+++ DATA FOR THIS TASK

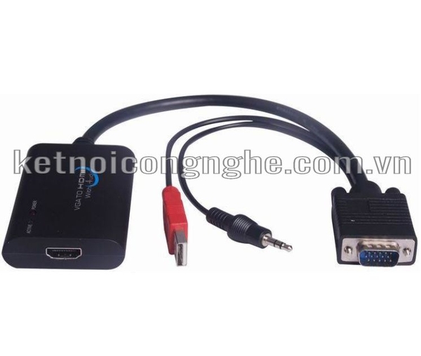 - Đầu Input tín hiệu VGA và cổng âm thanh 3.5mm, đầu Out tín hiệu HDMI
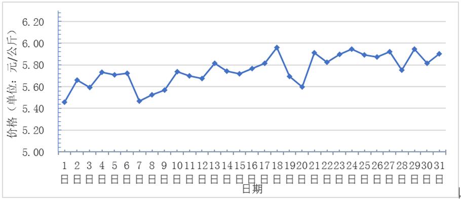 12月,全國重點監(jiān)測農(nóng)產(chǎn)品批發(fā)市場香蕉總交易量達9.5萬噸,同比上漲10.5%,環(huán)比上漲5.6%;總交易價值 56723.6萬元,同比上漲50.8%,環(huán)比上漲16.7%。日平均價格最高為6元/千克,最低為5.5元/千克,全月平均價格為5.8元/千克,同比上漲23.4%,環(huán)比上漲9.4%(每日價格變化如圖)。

++++++
+++ DATA FOR THIS TASK

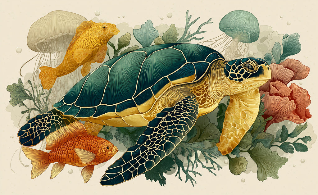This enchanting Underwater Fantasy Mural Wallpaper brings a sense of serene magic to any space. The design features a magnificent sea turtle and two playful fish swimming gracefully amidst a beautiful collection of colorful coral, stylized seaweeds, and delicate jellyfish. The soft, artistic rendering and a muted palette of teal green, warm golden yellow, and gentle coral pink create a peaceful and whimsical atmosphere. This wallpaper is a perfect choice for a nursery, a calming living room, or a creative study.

++++++
+++ DATA FOR THIS TASK

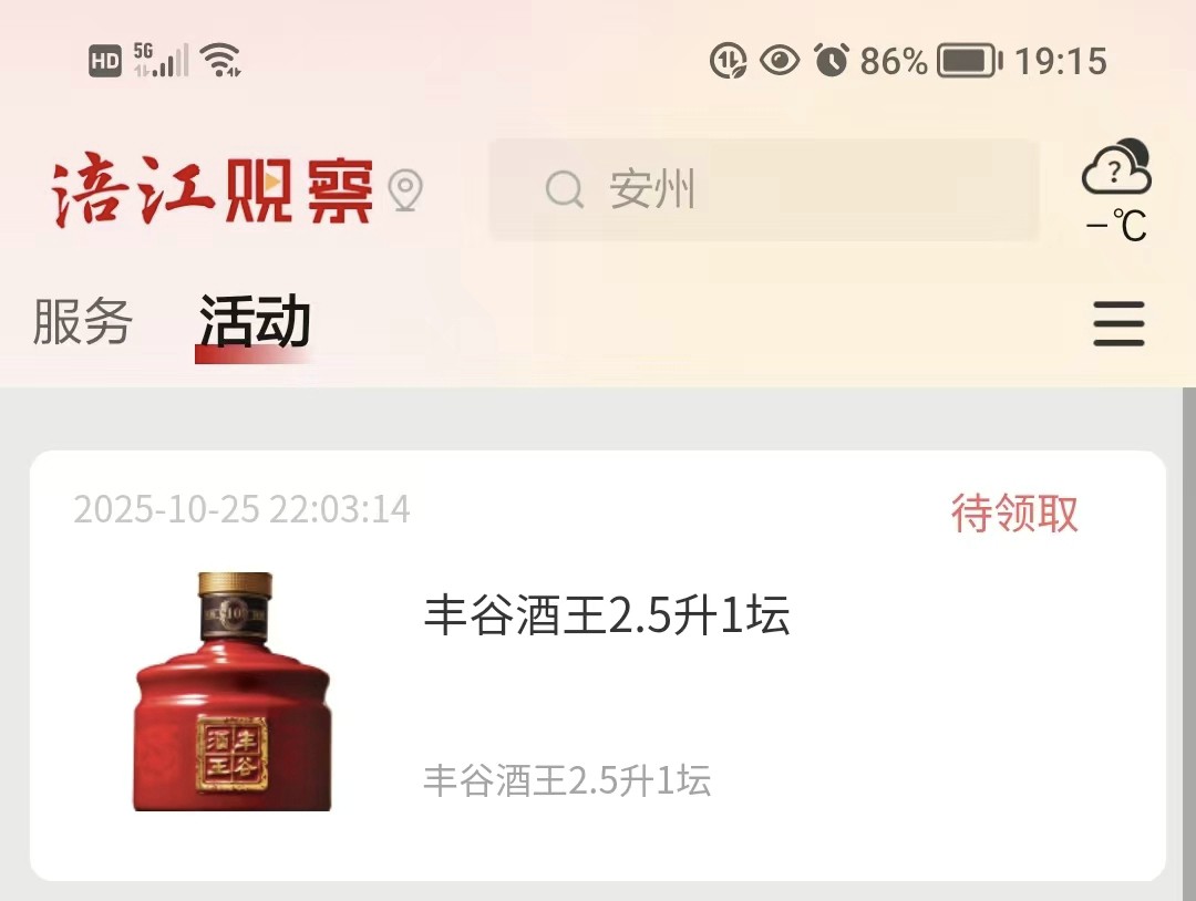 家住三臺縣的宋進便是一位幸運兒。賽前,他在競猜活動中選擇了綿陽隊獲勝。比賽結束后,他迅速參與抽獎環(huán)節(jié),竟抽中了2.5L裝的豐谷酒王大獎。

++++++

**REQUIREMENT**
Please output, exactly as written, the lines above from the one holding "- Đầu Input" through the one holding "12月,全國重點監(jiān", both included, with the pictures omitted.

**RESPONSE TO THE TASK**
 - Đầu Input tín hiệu VGA và cổng âm thanh 3.5mm, đầu Out tín hiệu HDMI
 12月,全國重點監(jiān)測農(nóng)產(chǎn)品批發(fā)市場香蕉總交易量達9.5萬噸,同比上漲10.5%,環(huán)比上漲5.6%;總交易價值 56723.6萬元,同比上漲50.8%,環(huán)比上漲16.7%。日平均價格最高為6元/千克,最低為5.5元/千克,全月平均價格為5.8元/千克,同比上漲23.4%,環(huán)比上漲9.4%(每日價格變化如圖)。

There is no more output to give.